§ **The data**
• • • •

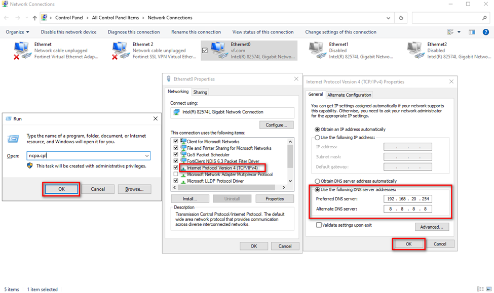 5. Điền vào Preferred DNS server là IP của Domain Controller (VD: 192.168.20.254).
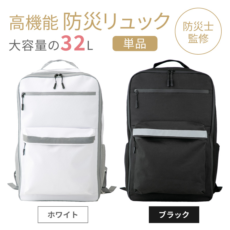 防災リュック 32L ホワイト ブラック 防災リュックのみ 単品 大容量 地震 災害対策 避難時 災害時 防災用品 非常用 自治体 防災バッグ 撥水 家族 おしゃれ
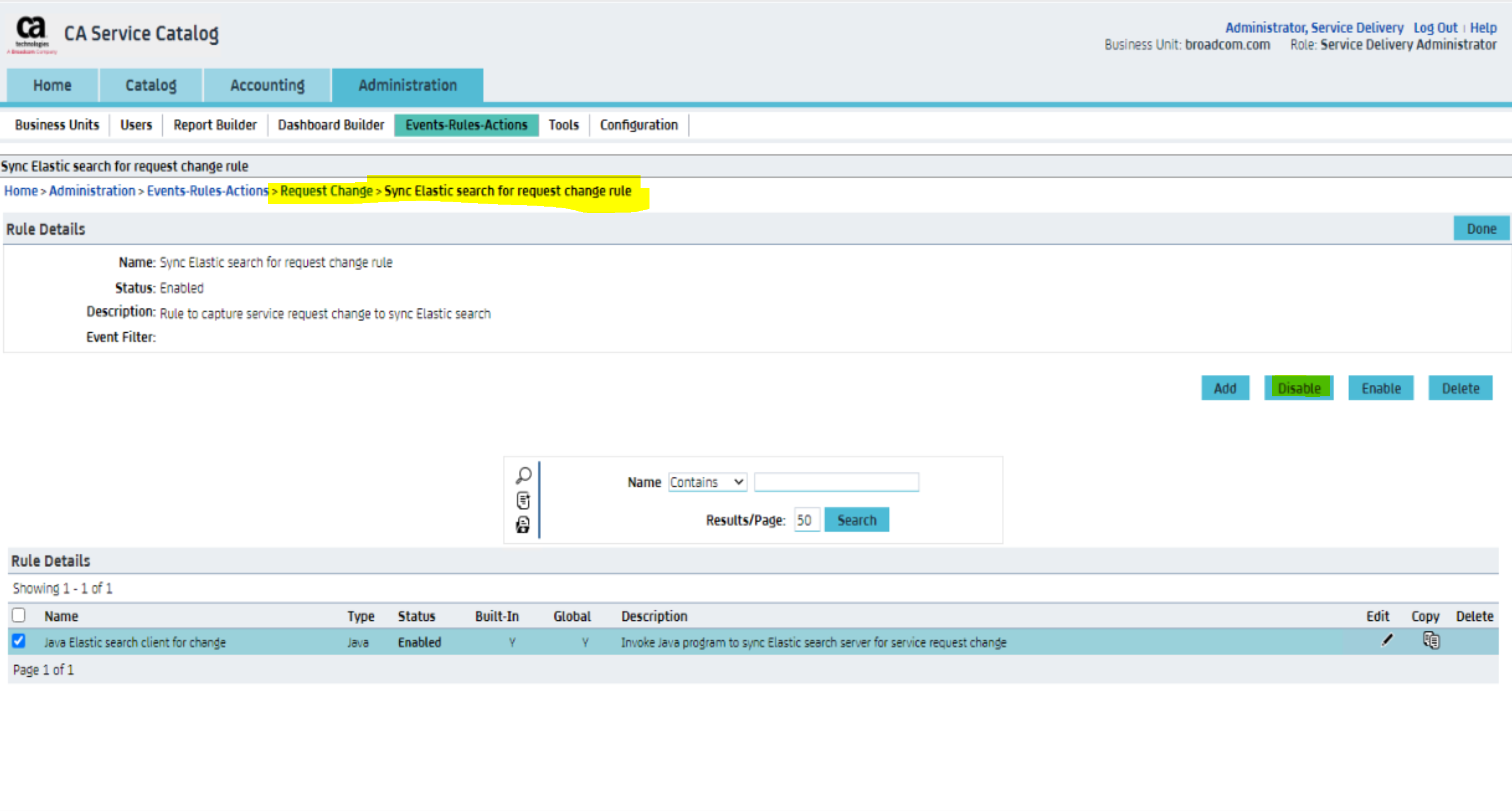 Under Administration -> Event-Rule-Actions, go to Request Change and select the Rule "Sync Elastic search for request change rule" and disable action under it.
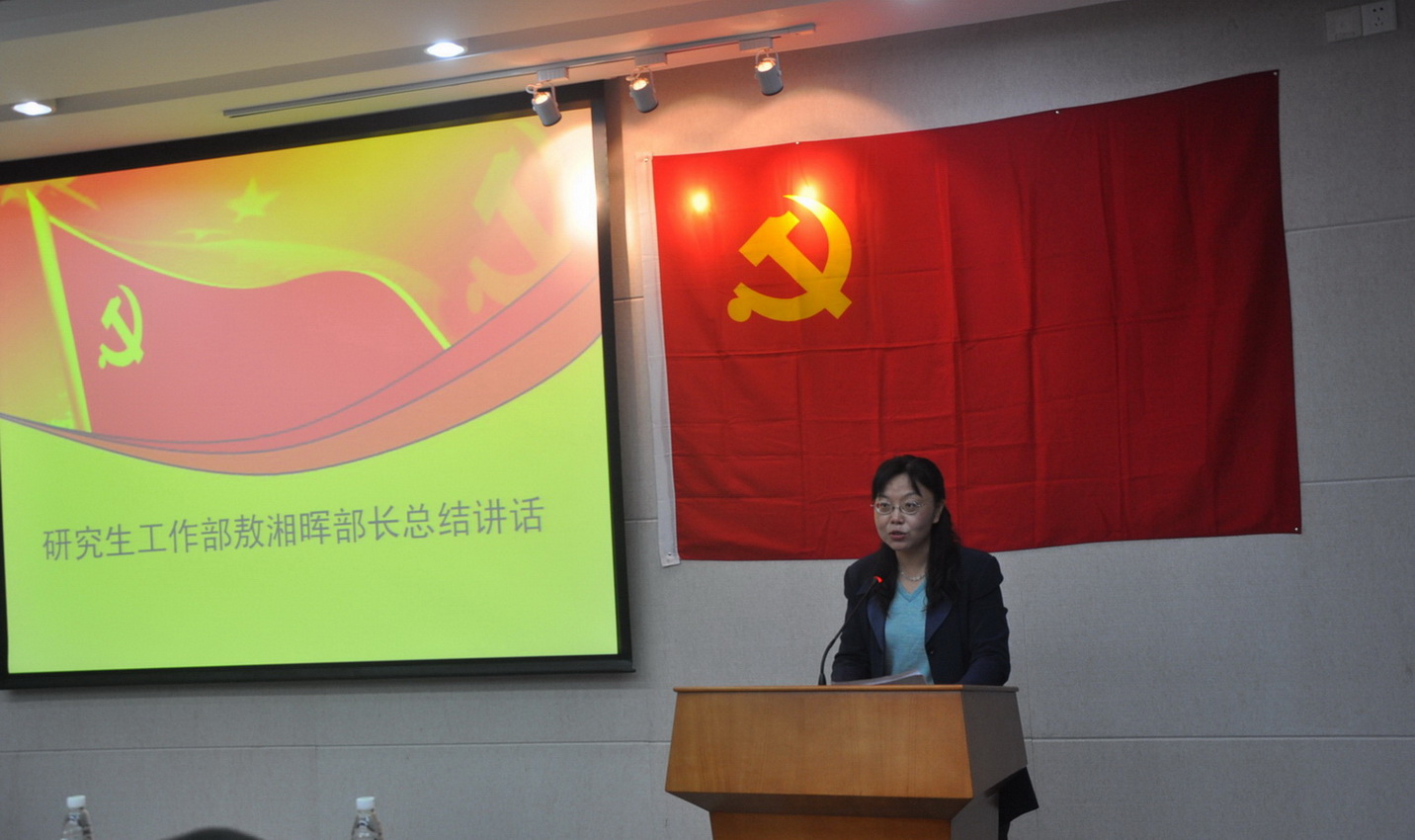 研究生会党支部党员代表俎俊鸽发言。她结合研究生会的工作实际谈了个人体会,并号召全体党员在校党委的领导下,增强研究生党员党性,提高战斗力和凝聚力,在群众中树立好党员形象,发挥模范带头作用。

• • • •

The copy must begin with the line containing "防災リュック 32L ホワイト", end with the last line of the material, match each line exactly, and hold no pictures.

§ **Result of the exercise**
 防災リュック 32L ホワイト ブラック 防災リュックのみ 単品 大容量 地震 災害対策 避難時 災害時 防災用品 非常用 自治体 防災バッグ 撥水 家族 おしゃれ
 Under Administration -> Event-Rule-Actions, go to Request Change and select the Rule "Sync Elastic search for request change rule" and disable action under it.
 研究生会党支部党员代表俎俊鸽发言。她结合研究生会的工作实际谈了个人体会,并号召全体党员在校党委的领导下,增强研究生党员党性,提高战斗力和凝聚力,在群众中树立好党员形象,发挥模范带头作用。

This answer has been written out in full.